October 13 roundup

  • Behind the antitrust assault on Google [Jerry Brito, Josh Wright, more]
  • Rapid rise of lawsuit lenders [WSJ] And a Searle Civil Justice Institute conference on third party financing of litigation;
  • More law firms muscle into class action against e-book publishers [PaidContent] Fifth Circuit questions cy pres [Trask] And a new edition of the Federalist Society’s Class Action Watch is out;
  • When the house painters announce they’re not leaving: “Britain plans to tighten anti-squatter laws” [NYT]
  • “Courts Call Out Copyright Trolls’ Coercive Business Model, Threaten Sanctions” [EFF] “Righthaven’s Copyright Trolling is a Bankrupt Idea” [Cit Media Law] More: Vegas Inc.
  • “Twombly is the Logical Extension of the Mathews v. Eldridge Test to Discovery” [Andrew Blair-Stanek via Volokh, Frank] “Four more reasons to love TwIqbal” [Beck] “O’Scannlain says 9th Circ has adopted ‘Iqbal lite’ pleading standard, ‘Same insufficient complaints, fewer dismissals!'” [@ScottKGraham on dissent in Starr v. County of Los Angeles, PDF]
  • Florida farms sell raw milk as (wink) “pet food” [Sun-Sentinel]

One Comment

  • On the one hand, the harassment of raw milk farmers is sad. But it’s typically a dubious (albeit fully understandable) legal strategy to engage in this kind of transparent subterfuge to try and work around a regulation or ruling with whose legality one disagrees. I know of a number of cases in different fields where angry defendants would try and use some kind of ploy like this, and the problem with it is that it looks bad to a jury and to a judge, and it harms the credibility of the defendant.

    I don’t have a better suggestion, of course. I’ve almost never heard of a case of a small business or group of businesses defeating a federal agency in this sort of case – the best that can usually be hoped for is some indignant blog posts, witness the CPSIA posts for instance. The problem with the raw milk producers is that the legal costs of defending themselves, right or wrong, would swamp their profits for years; federal agencies, by contrast, have huge legal teams they can put on these kinds of cases forever.
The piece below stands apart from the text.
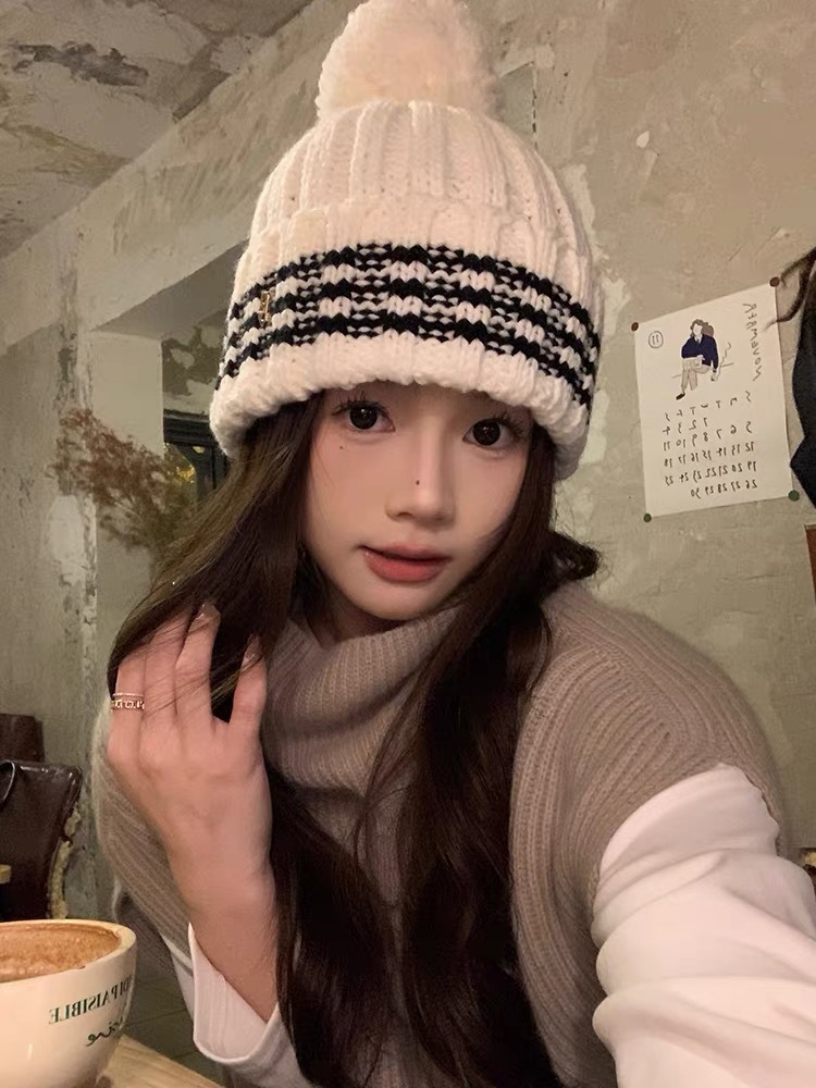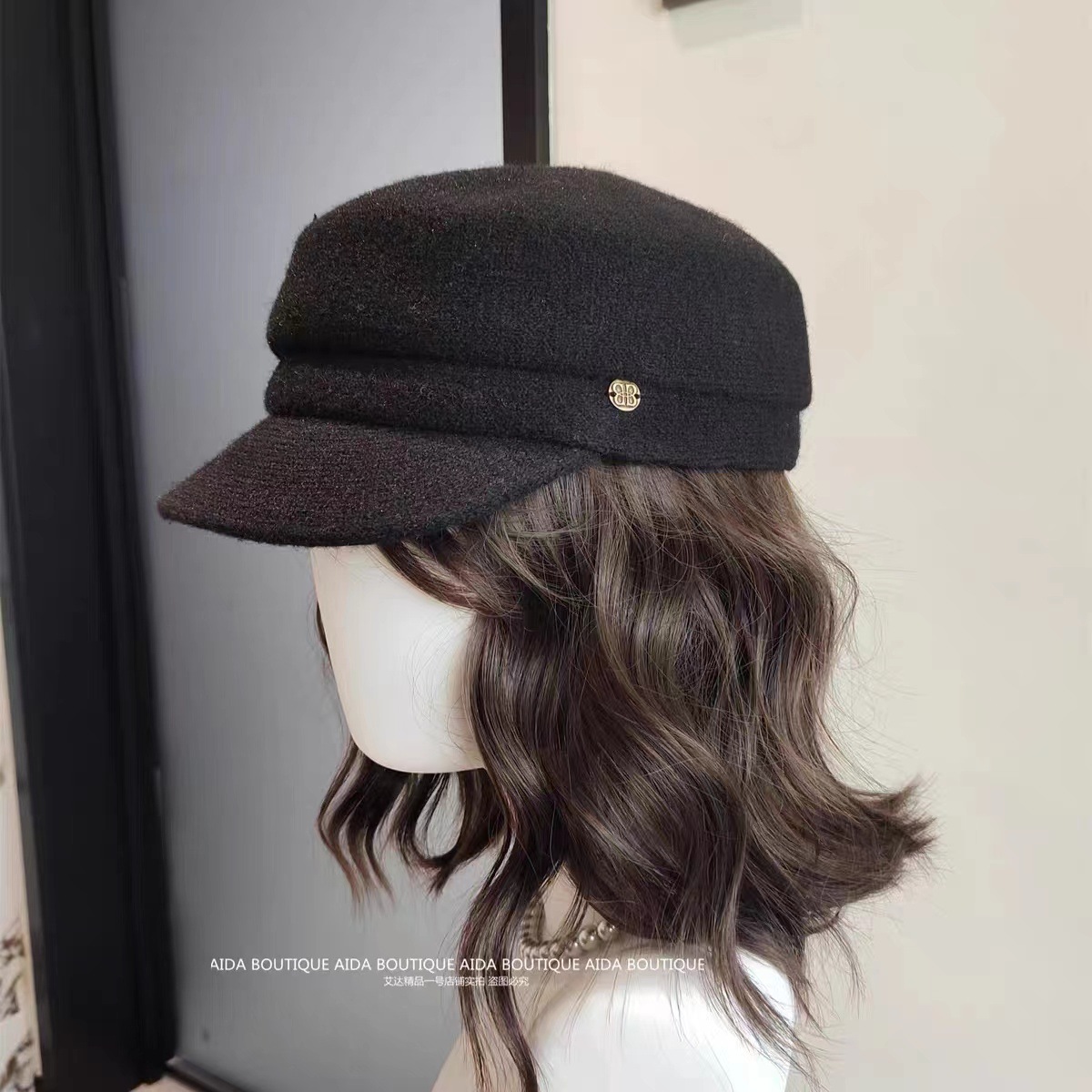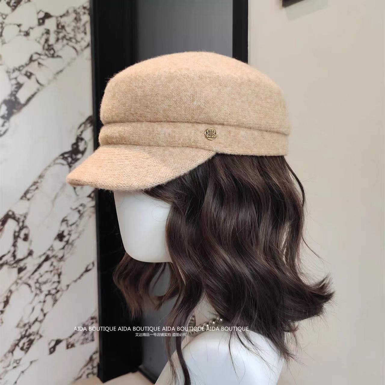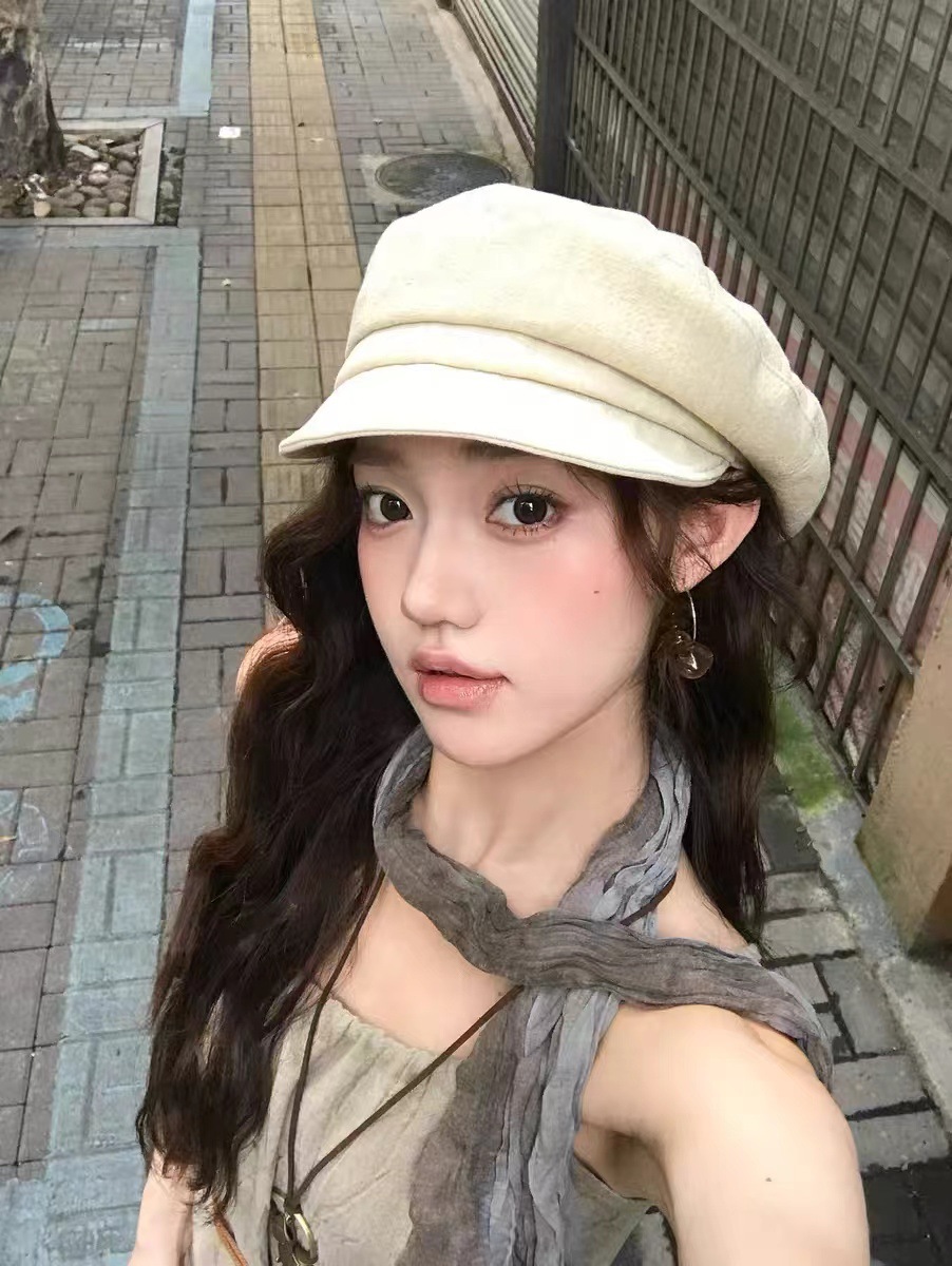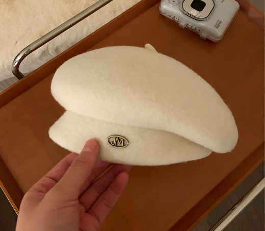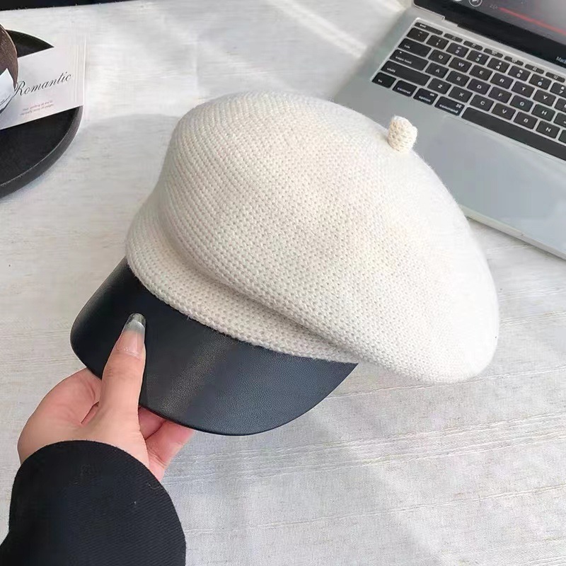 • 가죽 챙이 있는 두꺼운 줄무늬 베레모 오프화이트

    I don’t mean to sound like an expert in this area of law, I’m not, and of course the raw milk producers should heed the advice of their own lawyers. That said, it still strikes me that for a bunch of farmers to believe they can legally out-maneuver the FDA strikes me as idealistic, if not quixotic. Of course, it’s probably idealists who get into farming in the first place.